Internship outline: I interned with the Ghana Health Service, performing research on cost-effectiveness of expanded therapy for HIV-positive pregnant women. Ghana has made incredible strides in reducing the incidence of HIV among its population, and this project seeks to further decrease infection rates and improve health outcomes for mothers and children. During the project, I reviewed over 800 charts, extracting data on variables such as number of pregnancies, disease progression and disease co-morbidities. I then analyzed data to compare costs and outcomes associated with the current therapy, as well as a proposed enhanced therapy.
Value of experience: This internship helped me understand realistic applications of principles and techniques learned in the classroom. Instead of having data provided to me with instructions on how to analyze it, I was collecting, managing and analyzing the data on my own.
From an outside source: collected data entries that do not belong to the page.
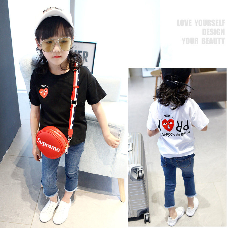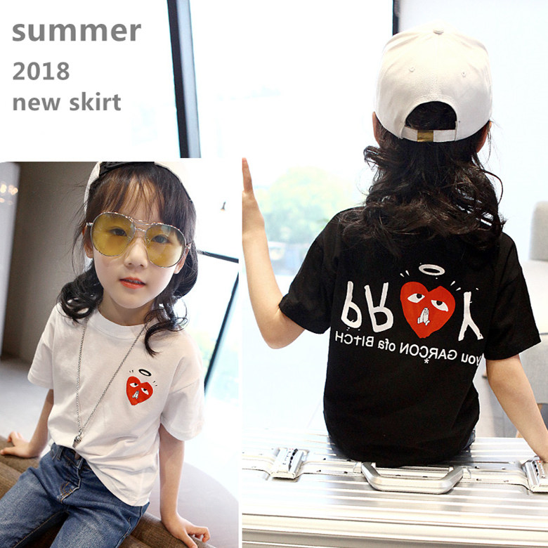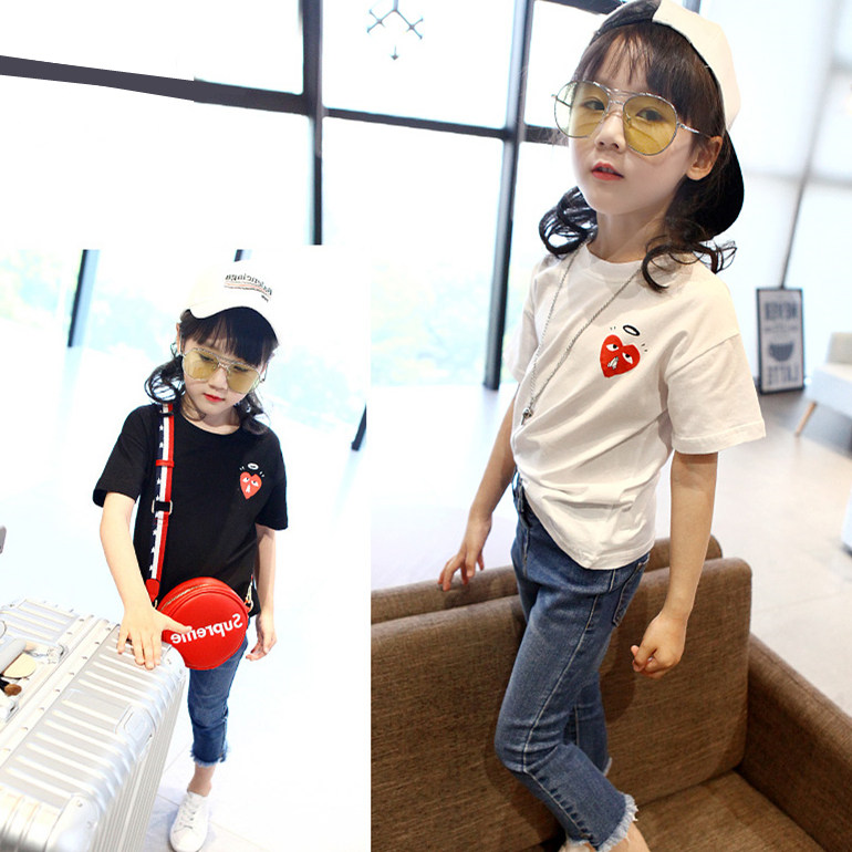Child Clothing Girl Half Sleeve T-shirt Foreign Pie Summer Dress CUHK Child Pure Cotton Short Sleeve Black White Blouse Child Beat
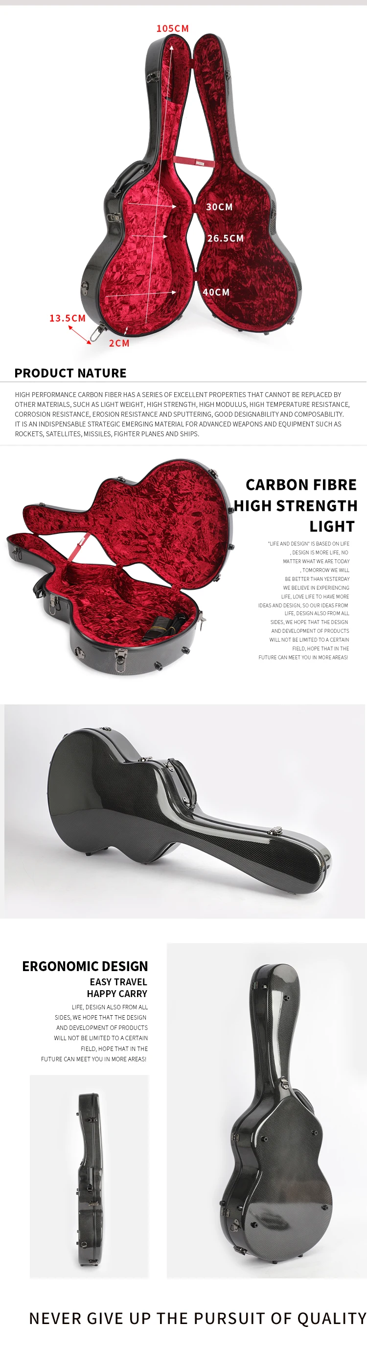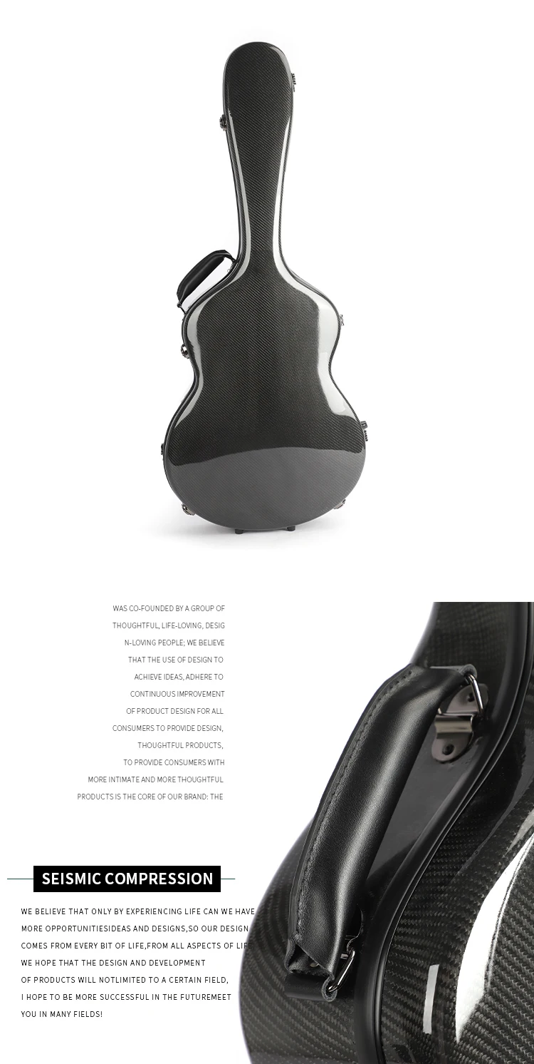 Carbon-C BK Rm Wholesale Black Classical Guitar Carbon Fiber Guitar Case Hard Shell Anti-collision Folk Musical Instrument Case
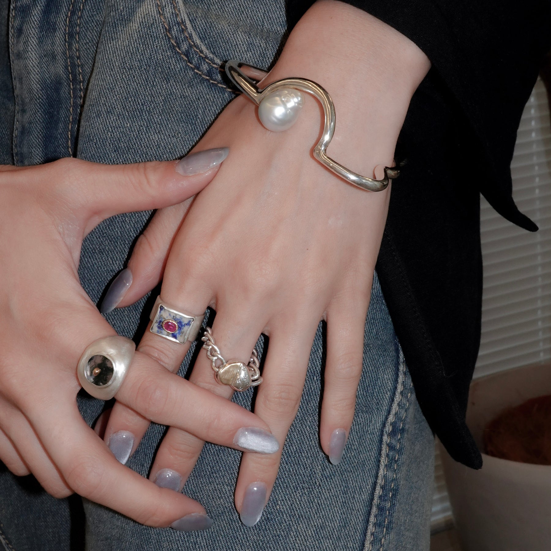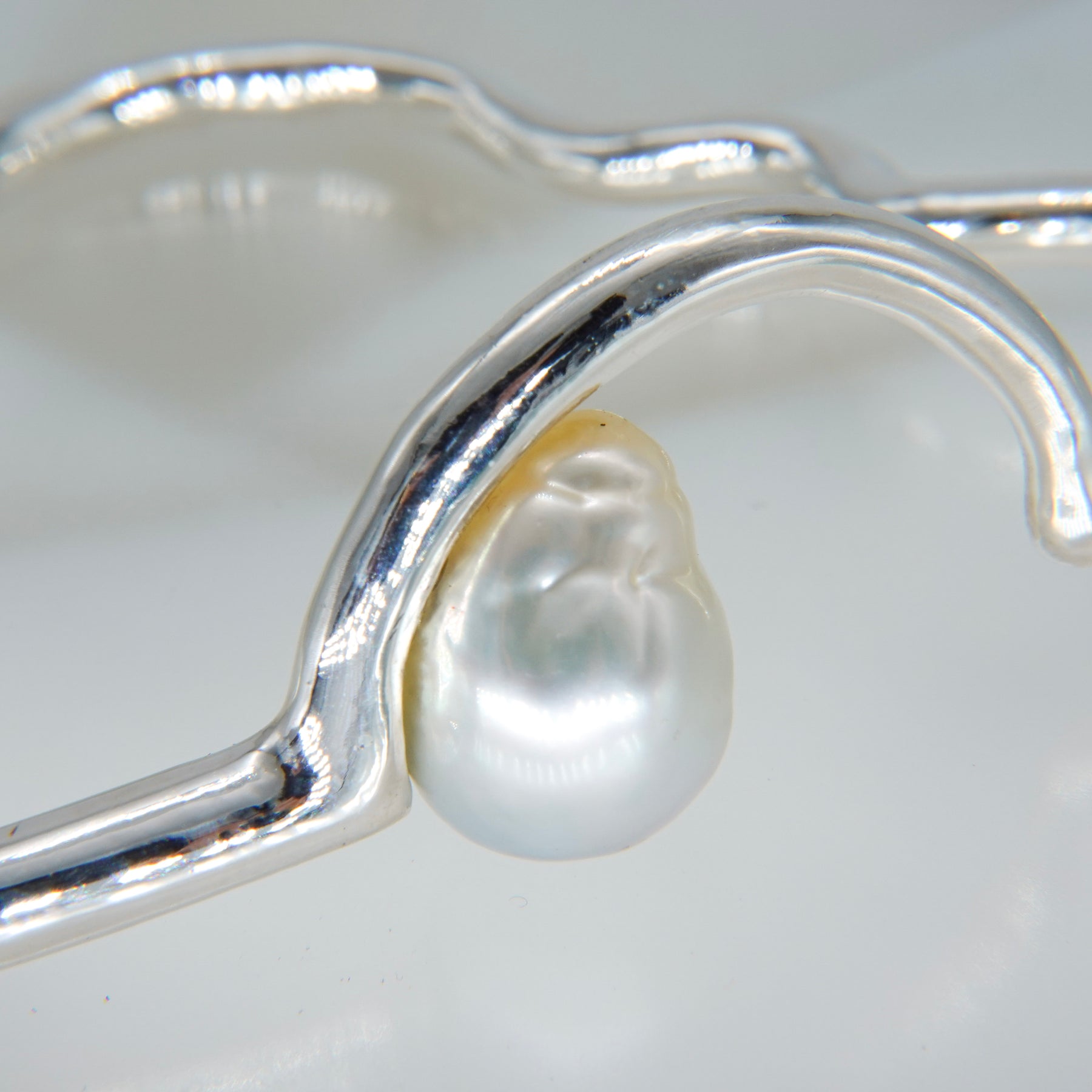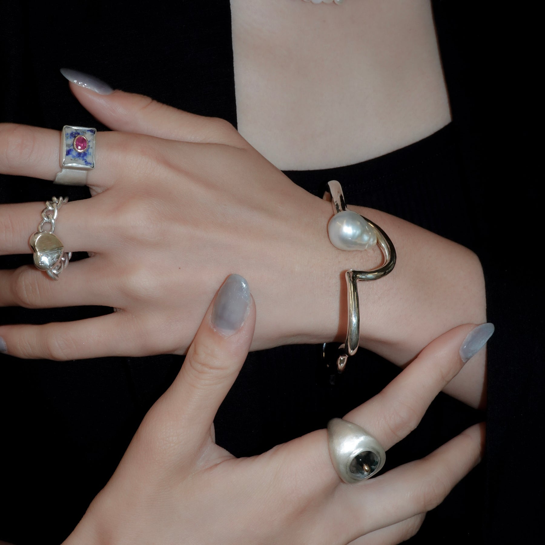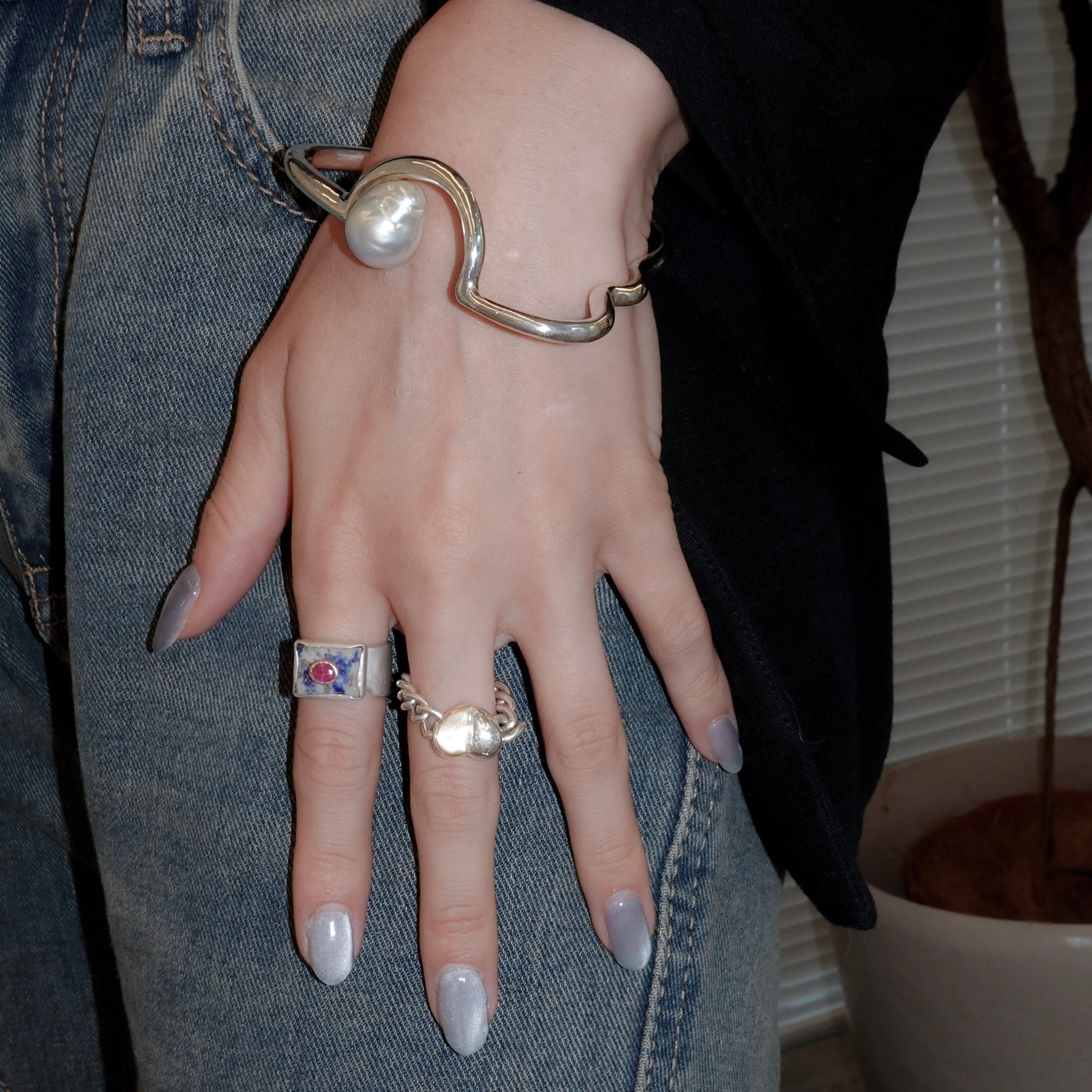 バロックパールがあしらわれた個性抜群のフォルムのバングル。

I enjoyed discovering how data-intensive projects can have social implications and can also face limitations in the project’s setting. For example, although expanded therapy among HIV-positive pregnant women sounds beneficial, the Ghanaian health care system is challenged by drug shortages, incomplete drug adherence and other issues that impact the efficacy of such recommendations.
Best moment: My most memorable experience was attending some Master of Public Health classes on HIV at a local university where my preceptor teaches. I really enjoyed comparing the students, professors, and overall academic experience at that university with my experiences at YSPH.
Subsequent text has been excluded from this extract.